Posted on Sep. 26, 2017

Thanks to frequent guest blogger Carl Smith for this news from a tax conference this morning. Keith

On September 26, at a New York County Lawyers Association seminar entitled “Nontraditional Tax Advocacy”, Matthew Weir, the Assistant Inspector General of the office of the Treasury Inspector General for Tax Administration (TIGTA) spoke. Among other things, he announced that the IRS had, for lack of sufficient financial resources, suspended its Automated Substitute for Return (ASFR) program. This is shocking news!

Mr. Weir said that TIGTA internally debated whether to disclose to the public the ASFR program’s suspension because, normally, TIGTA does not like to disclose information that taxpayers could use to evade enforcement. But, TIGTA decided that the suspension of the ASFR program was too important to keep from the public. He said a TIGTA report on the suspension would be issued shortly.

The ASFR program was employed for individuals who did not file an income tax return but who had enough gross income reported by third parties to the IRS on information returns (such as on Forms W-2 and 1099) to have had an obligation to file an income tax return. In the ASFR program, computers (without human involvement) (1) detected the need to file and the lack of filing, (2) prepared substitutes for returns under section 6020(b) based on the third-party gross income information, and (3) issued a letter to the taxpayer showing the proposed deficiency and balance due based on that substitute for return (essentially, a 30-day letter). The computer would automatically tack on late-filing and late-payment penalties to the tax balance due.
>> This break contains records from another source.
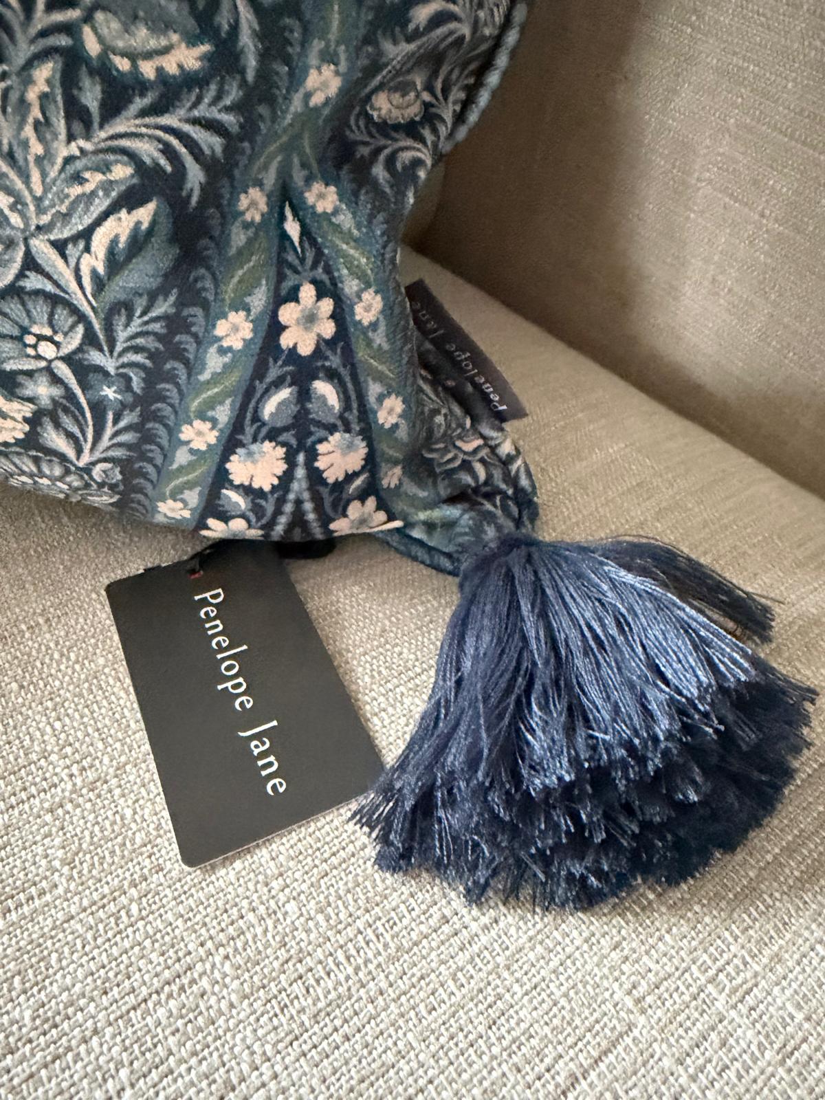 Jaipur,  a beautiful classic, paisley patterned fabric from Art of the Loom. Here in a cushion designed and produced by Art of Home and Penelope Jane. The lovely pattern in blues, in combination with blue tassels, gives it an exclusive and luxurious feel.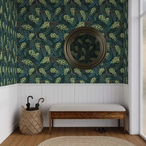 Tapetti Haarat, joissa on vihertävät kukinnot tummalla taustalla Nr. a00786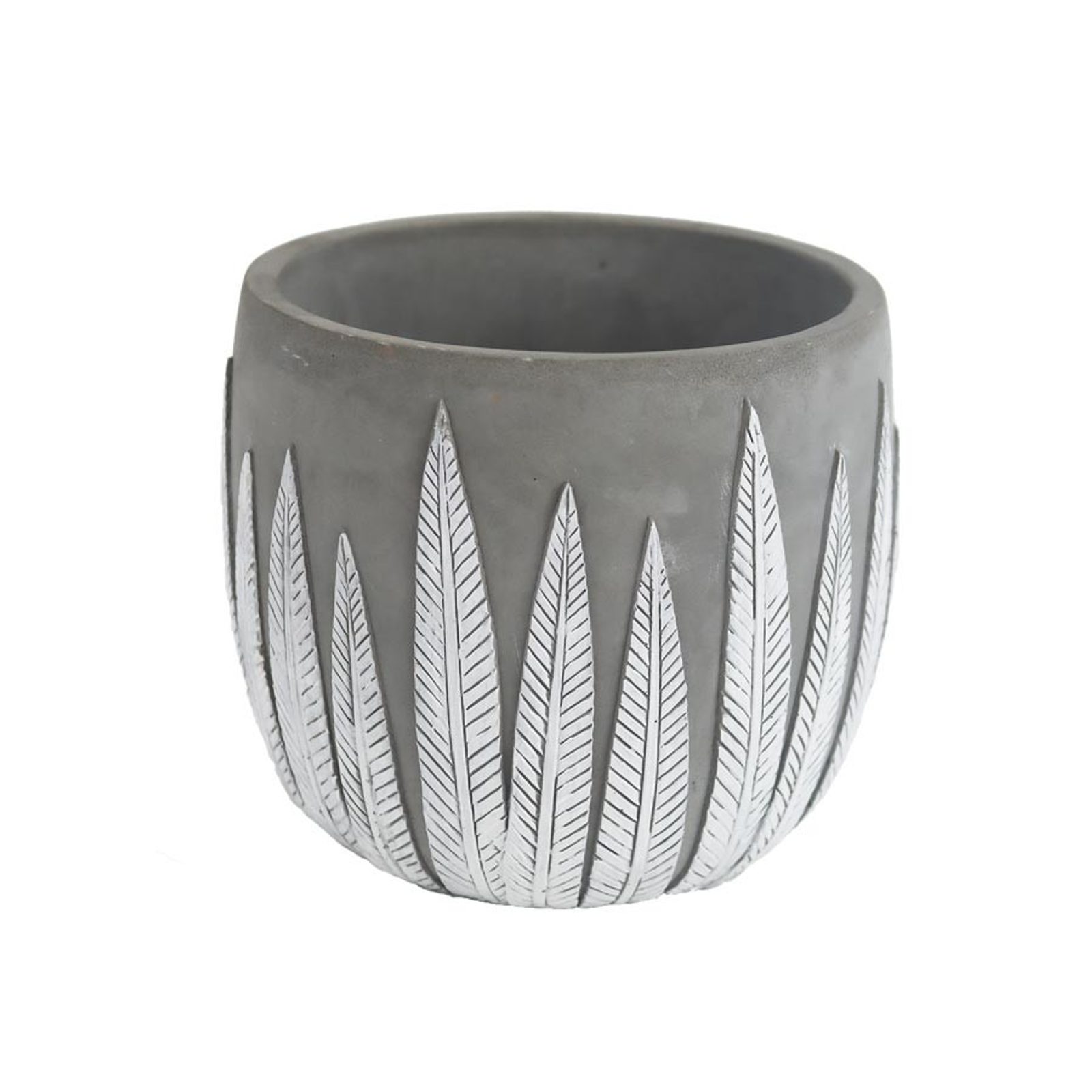 Obal na květiny. Rozměry : průměr 13,5 cm, výška 12,5 cm. Barva : kombinace šedá s bílou. Materiál : beton.Rozměr: dia 13.5 × 12.5 cm

A taxpayer who did not respond to the computer’s letter or who did respond, but did not convince the IRS that no tax or penalties were due, would later get a notice of deficiency – a ticket to the Tax Court.

Under the ASFR program, many taxpayers wrote back to the IRS and pointed out either errors in the gross income calculation or claimed entitlement to fully- or partially-offsetting deductions or credits that the IRS had no knowledge about, such as dependency exemptions and earned income tax credits. Human IRS employees needed to respond to such taxpayer letters. Although Mr. Weir did not say so, I assume that the big expense in running the ASFR program was employee time responding to the taxpayer correspondence. I also assume that, given the frequently-available offsetting deductions and credits, the ASFR program may not have generated enough enforcement revenue to justify the use of the scarce resource, human IRS employee time.